[Dataset entries]
__________
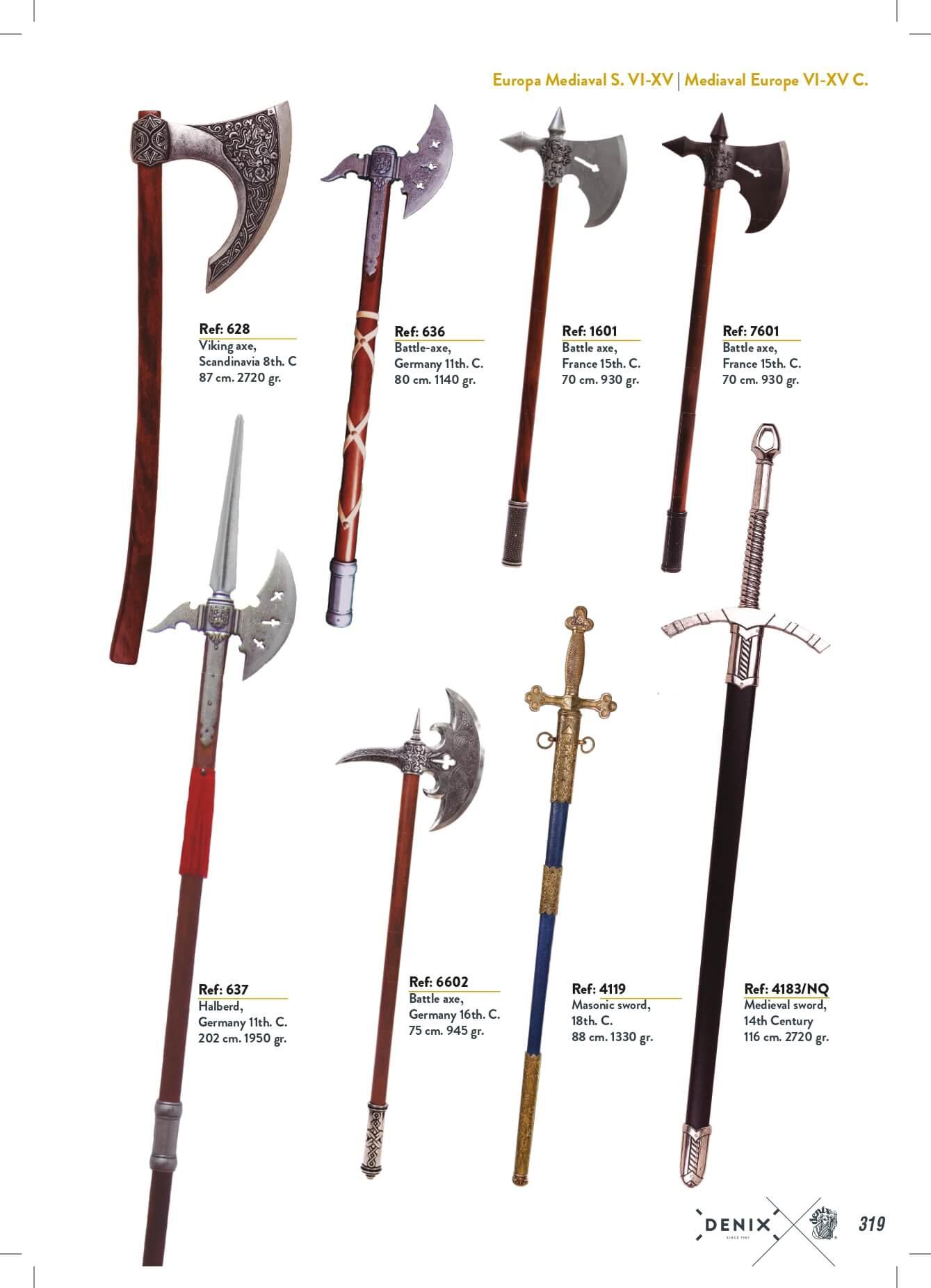 Hallebardes et épées hache Europe médiévale S. VI-XV
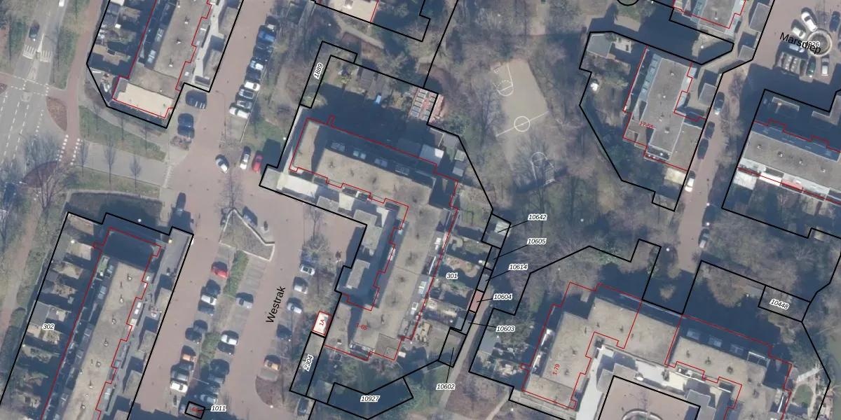 Het perceel waarop Westrak 8 staat heeft een oppervlakte van 2577 m². Dit is een zeer groot perceel. De perceeloppervlakte wordt geregistreerd door het Kadaster. Gedetailleerde informatie over de maten van dit perceel kunt u vinden in het rapport Kadastrale kaart met maatvoering van Westrak 8.
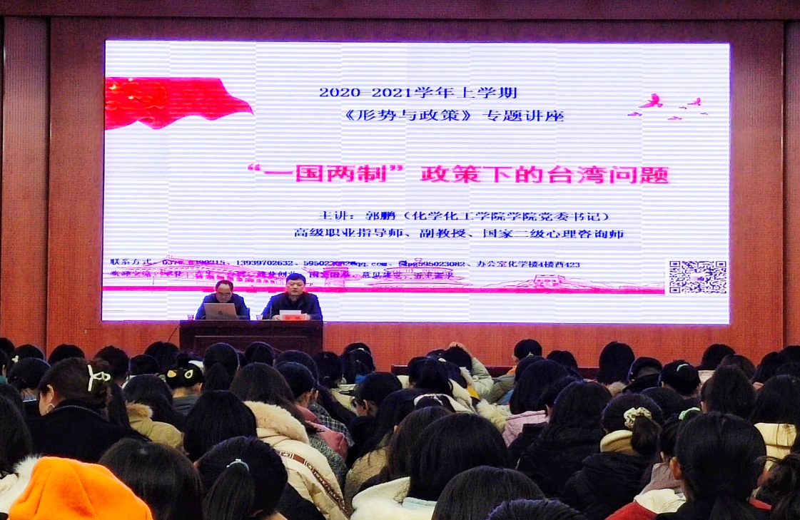 1128日,161sex 党委书记郭鹏在逸夫楼报告厅为2020级全体学生作“一国两制”政策下的台湾问题---《形势与政策》专题讲座。讲座由专职组织员冷向宇主持。
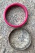 Браслеты, дополняющие друг друга. Браслет из пластика розового и белого цветов высотой 1,8см., диаметр 6,5см. Браслет с основой из металла и эмалью на лицевой стороне, высота 1,5см., диаметр 7см. Состояние хорошее.
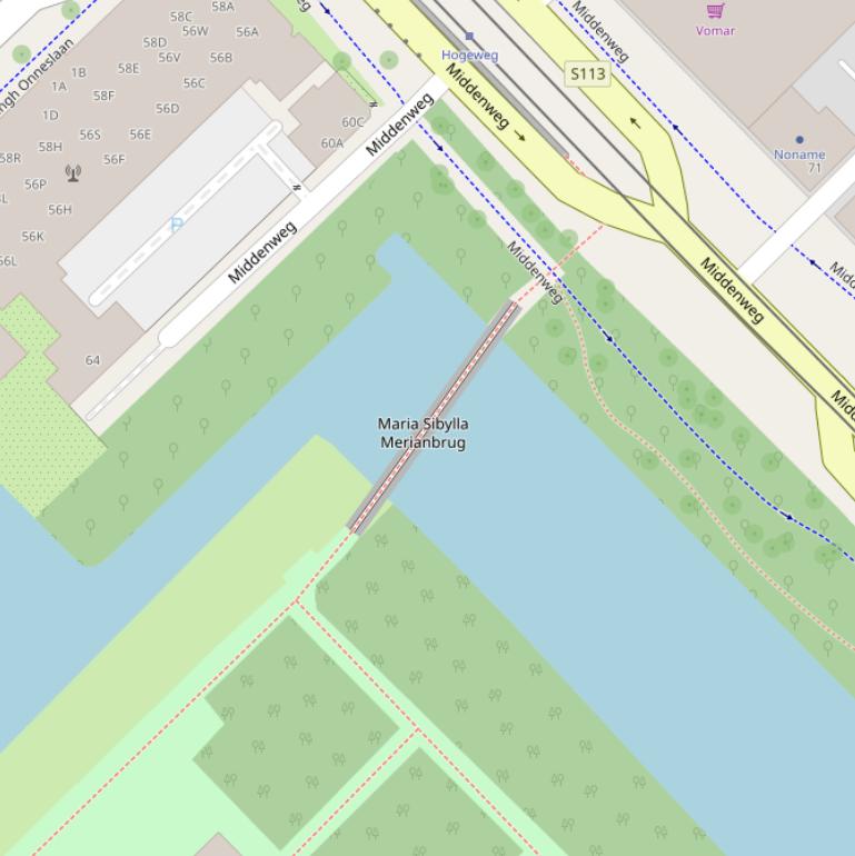 De Maria Sibylla Merianbrug in Amsterdam telt één openbare ruimte. Civiel-technisch werk Maria Sibylla Merianbrug ligt in de buurt Frankendael binnen de gemeente Amsterdam.
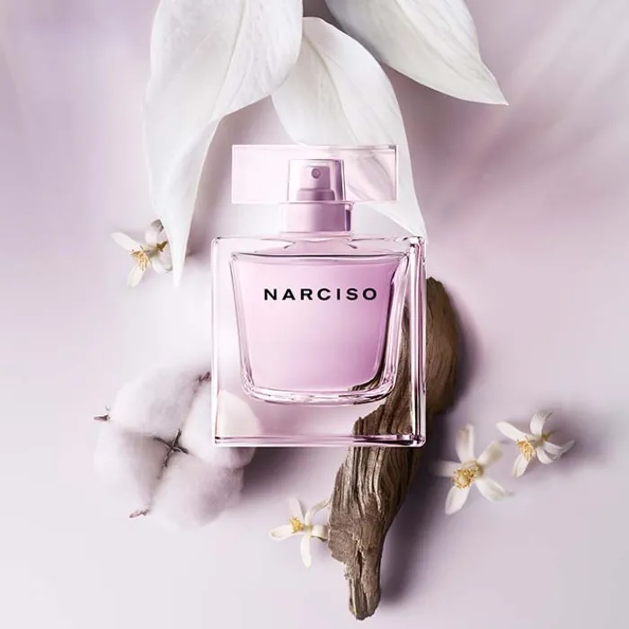 El frasco de Narciso Radiante Eau de Parfum se presenta con un cristal transparente que se llena de luz, infundido con un color púrpura pastel. Tiene certificación vegana y está elaborado con un 86% de ingredientes de origen natural.
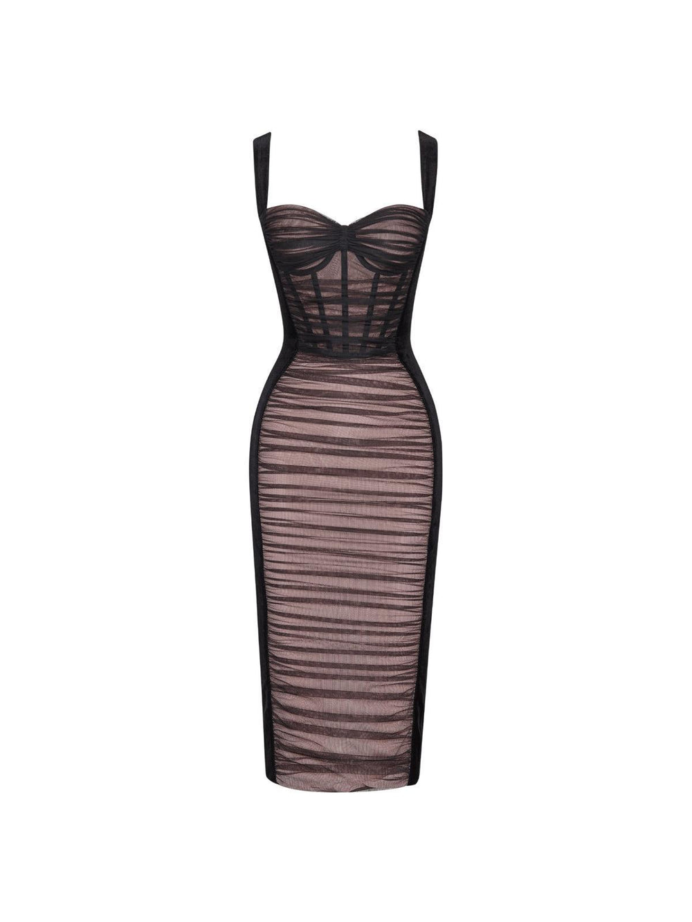 Keep this fierce with this Muriel Mesh Ruched Velvet Midi Dress In Black. Featuring a wine mesh material with a sweetheart. team it with some strappy heels and a mini bag to finish off the weekend worthy look.
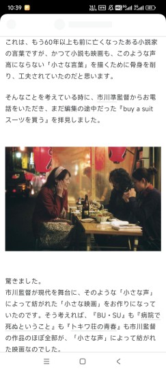铃木卓尔拍摄的起因是想通过拍猫来展现东京的变化,他发现自己以前很多喜欢的东京的店都慢慢消失不见了,于是将片场范围定在谷根千这一带下町,并集中往根津那块跑,谷根千多为丘陵地形,田村正毅背着个大块头摄像机跑上跑下,几次累到喊罢工。 拍东京自然离不开谈小津、成濑等人,还有熊切和嘉刚开拍的《海炭市叙景》,但他们开拍前聊得最多的,对铃木影响最大的是市川准,特别是《我不买西装》和《丑女》两部。当时恰逢市川准辞世不久,铃木拍摄的过程中还肩负着分发“市川准纪念放映会”传单的任务。铃木本人此前也和市川准合作过,崇尚那种都市中渺小却鲜活笃定的声音。怪不得我看这部电影时会觉得有点市川准的味道,原来和市川渊源颇深。
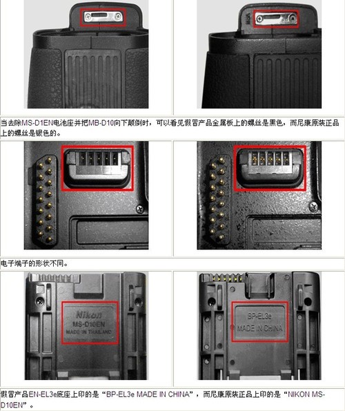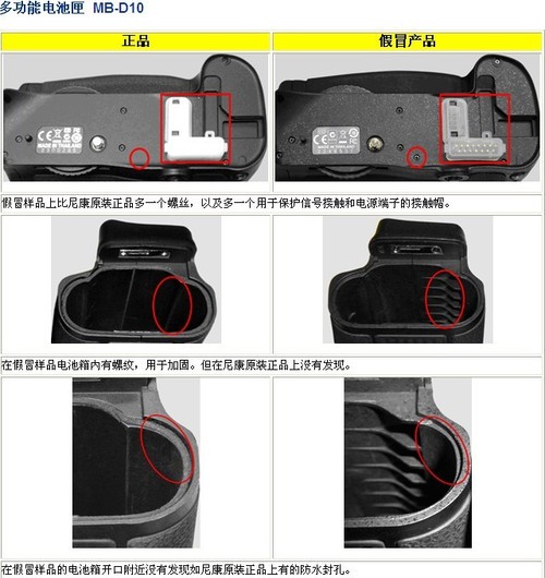 行业资讯2011年6月15日,尼康官方网站针对MB-D10电池匣及多款电池和配件真伪发布了正式声明,并给广大用户提供了可靠的真伪鉴别对照图,详情如下:
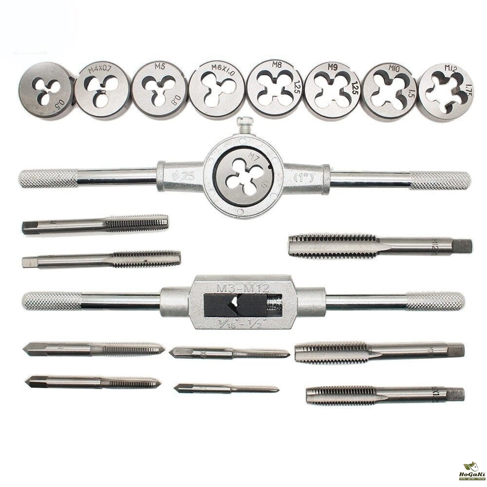 Tap and Die Set 8/12/20 Pieces Tap and Die Sets Threaded Plugs Tap Drills Metric Hand Tap Die Wrenches Threaded Hand Tools
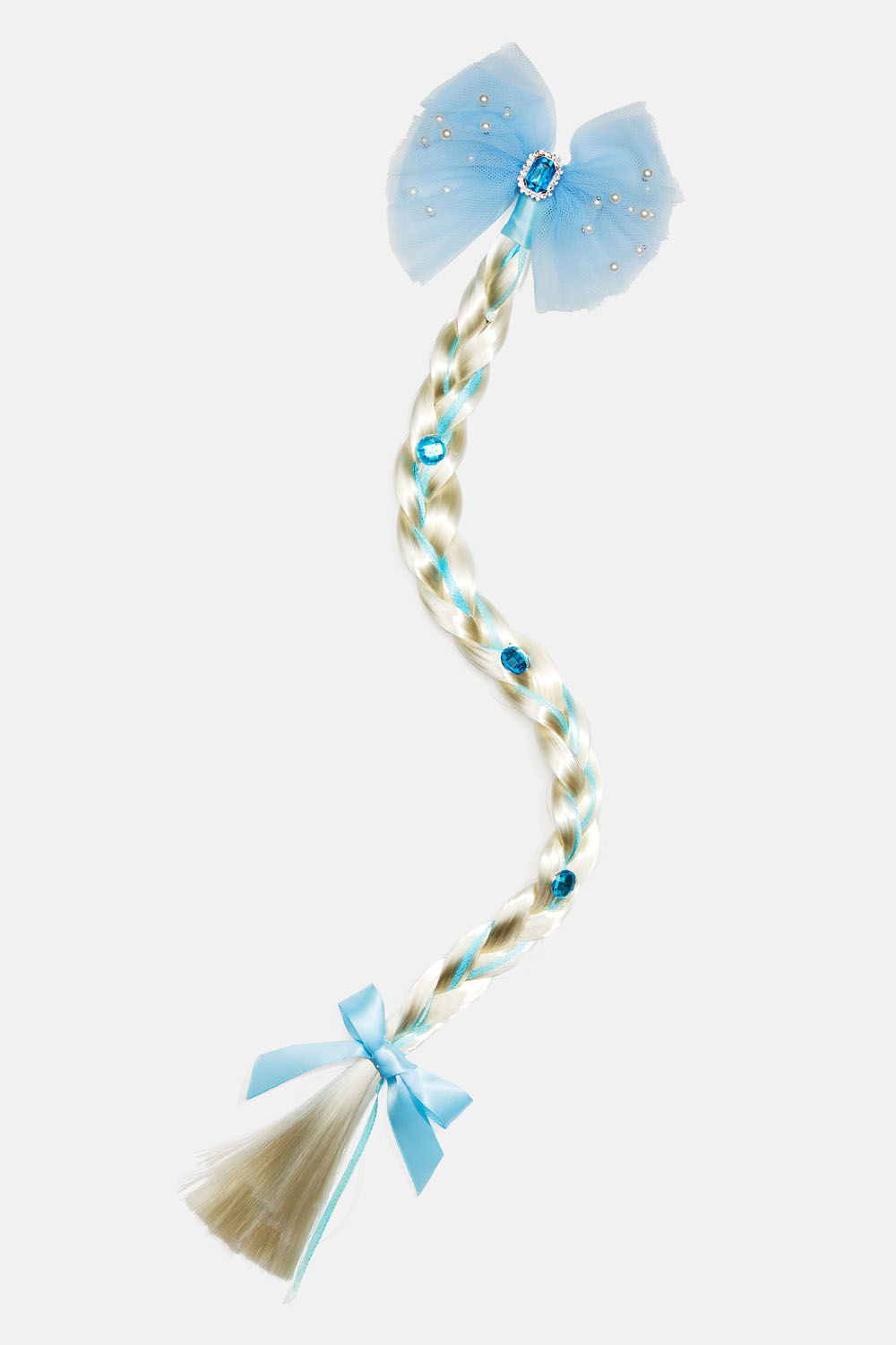 Hårspænde med blå tylsløjfe og lang blond fletning dekoreret med perler og blå plastiksten.
__________
Above are the records; return them exactly, minus the pictures.

 Hallebardes et épées hache Europe médiévale S. VI-XV
 Het perceel waarop Westrak 8 staat heeft een oppervlakte van 2577 m². Dit is een zeer groot perceel. De perceeloppervlakte wordt geregistreerd door het Kadaster. Gedetailleerde informatie over de maten van dit perceel kunt u vinden in het rapport Kadastrale kaart met maatvoering van Westrak 8.
 1128日,161sex 党委书记郭鹏在逸夫楼报告厅为2020级全体学生作“一国两制”政策下的台湾问题---《形势与政策》专题讲座。讲座由专职组织员冷向宇主持。
 Браслеты, дополняющие друг друга. Браслет из пластика розового и белого цветов высотой 1,8см., диаметр 6,5см. Браслет с основой из металла и эмалью на лицевой стороне, высота 1,5см., диаметр 7см. Состояние хорошее.
 De Maria Sibylla Merianbrug in Amsterdam telt één openbare ruimte. Civiel-technisch werk Maria Sibylla Merianbrug ligt in de buurt Frankendael binnen de gemeente Amsterdam.
 El frasco de Narciso Radiante Eau de Parfum se presenta con un cristal transparente que se llena de luz, infundido con un color púrpura pastel. Tiene certificación vegana y está elaborado con un 86% de ingredientes de origen natural.
 Keep this fierce with this Muriel Mesh Ruched Velvet Midi Dress In Black. Featuring a wine mesh material with a sweetheart. team it with some strappy heels and a mini bag to finish off the weekend worthy look.
铃木卓尔拍摄的起因是想通过拍猫来展现东京的变化,他发现自己以前很多喜欢的东京的店都慢慢消失不见了,于是将片场范围定在谷根千这一带下町,并集中往根津那块跑,谷根千多为丘陵地形,田村正毅背着个大块头摄像机跑上跑下,几次累到喊罢工。 拍东京自然离不开谈小津、成濑等人,还有熊切和嘉刚开拍的《海炭市叙景》,但他们开拍前聊得最多的,对铃木影响最大的是市川准,特别是《我不买西装》和《丑女》两部。当时恰逢市川准辞世不久,铃木拍摄的过程中还肩负着分发“市川准纪念放映会”传单的任务。铃木本人此前也和市川准合作过,崇尚那种都市中渺小却鲜活笃定的声音。怪不得我看这部电影时会觉得有点市川准的味道,原来和市川渊源颇深。
 行业资讯2011年6月15日,尼康官方网站针对MB-D10电池匣及多款电池和配件真伪发布了正式声明,并给广大用户提供了可靠的真伪鉴别对照图,详情如下:
 Tap and Die Set 8/12/20 Pieces Tap and Die Sets Threaded Plugs Tap Drills Metric Hand Tap Die Wrenches Threaded Hand Tools
 Hårspænde med blå tylsløjfe og lang blond fletning dekoreret med perler og blå plastiksten.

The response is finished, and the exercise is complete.